__Work required__. Every line of the listing is returned unchanged, and every picture is dropped.

__Exercise data__.
:::::

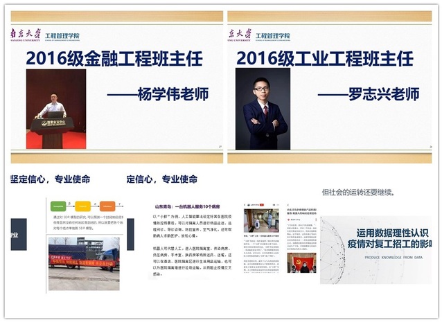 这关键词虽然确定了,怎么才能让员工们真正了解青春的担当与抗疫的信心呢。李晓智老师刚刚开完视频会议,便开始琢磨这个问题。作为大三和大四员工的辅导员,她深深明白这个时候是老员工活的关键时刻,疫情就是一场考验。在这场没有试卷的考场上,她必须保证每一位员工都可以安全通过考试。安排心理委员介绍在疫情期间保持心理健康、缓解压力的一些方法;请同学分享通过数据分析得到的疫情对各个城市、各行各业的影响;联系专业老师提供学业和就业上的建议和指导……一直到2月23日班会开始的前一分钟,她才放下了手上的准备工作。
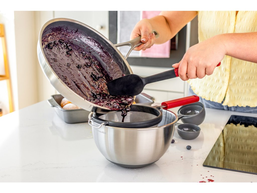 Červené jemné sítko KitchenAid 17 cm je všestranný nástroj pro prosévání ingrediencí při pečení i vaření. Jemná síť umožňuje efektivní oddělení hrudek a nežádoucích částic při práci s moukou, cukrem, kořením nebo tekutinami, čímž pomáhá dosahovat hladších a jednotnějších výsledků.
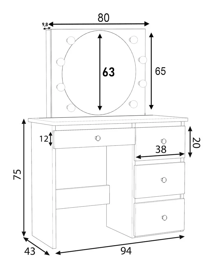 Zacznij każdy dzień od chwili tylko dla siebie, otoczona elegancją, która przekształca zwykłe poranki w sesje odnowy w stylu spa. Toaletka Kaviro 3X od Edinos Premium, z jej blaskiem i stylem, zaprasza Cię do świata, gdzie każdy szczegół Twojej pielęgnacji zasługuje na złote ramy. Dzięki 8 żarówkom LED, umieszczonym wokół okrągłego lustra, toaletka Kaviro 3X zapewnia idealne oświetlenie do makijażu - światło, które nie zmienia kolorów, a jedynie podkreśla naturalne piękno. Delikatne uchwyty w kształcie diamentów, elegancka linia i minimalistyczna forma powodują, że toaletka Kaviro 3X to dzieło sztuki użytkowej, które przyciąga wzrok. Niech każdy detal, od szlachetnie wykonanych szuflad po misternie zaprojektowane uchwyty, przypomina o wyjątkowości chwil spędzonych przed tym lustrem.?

:::::

__Result of the task__.
 这关键词虽然确定了,怎么才能让员工们真正了解青春的担当与抗疫的信心呢。李晓智老师刚刚开完视频会议,便开始琢磨这个问题。作为大三和大四员工的辅导员,她深深明白这个时候是老员工活的关键时刻,疫情就是一场考验。在这场没有试卷的考场上,她必须保证每一位员工都可以安全通过考试。安排心理委员介绍在疫情期间保持心理健康、缓解压力的一些方法;请同学分享通过数据分析得到的疫情对各个城市、各行各业的影响;联系专业老师提供学业和就业上的建议和指导……一直到2月23日班会开始的前一分钟,她才放下了手上的准备工作。
 Červené jemné sítko KitchenAid 17 cm je všestranný nástroj pro prosévání ingrediencí při pečení i vaření. Jemná síť umožňuje efektivní oddělení hrudek a nežádoucích částic při práci s moukou, cukrem, kořením nebo tekutinami, čímž pomáhá dosahovat hladších a jednotnějších výsledků.
 Zacznij każdy dzień od chwili tylko dla siebie, otoczona elegancją, która przekształca zwykłe poranki w sesje odnowy w stylu spa. Toaletka Kaviro 3X od Edinos Premium, z jej blaskiem i stylem, zaprasza Cię do świata, gdzie każdy szczegół Twojej pielęgnacji zasługuje na złote ramy. Dzięki 8 żarówkom LED, umieszczonym wokół okrągłego lustra, toaletka Kaviro 3X zapewnia idealne oświetlenie do makijażu - światło, które nie zmienia kolorów, a jedynie podkreśla naturalne piękno. Delikatne uchwyty w kształcie diamentów, elegancka linia i minimalistyczna forma powodują, że toaletka Kaviro 3X to dzieło sztuki użytkowej, które przyciąga wzrok. Niech każdy detal, od szlachetnie wykonanych szuflad po misternie zaprojektowane uchwyty, przypomina o wyjątkowości chwil spędzonych przed tym lustrem.?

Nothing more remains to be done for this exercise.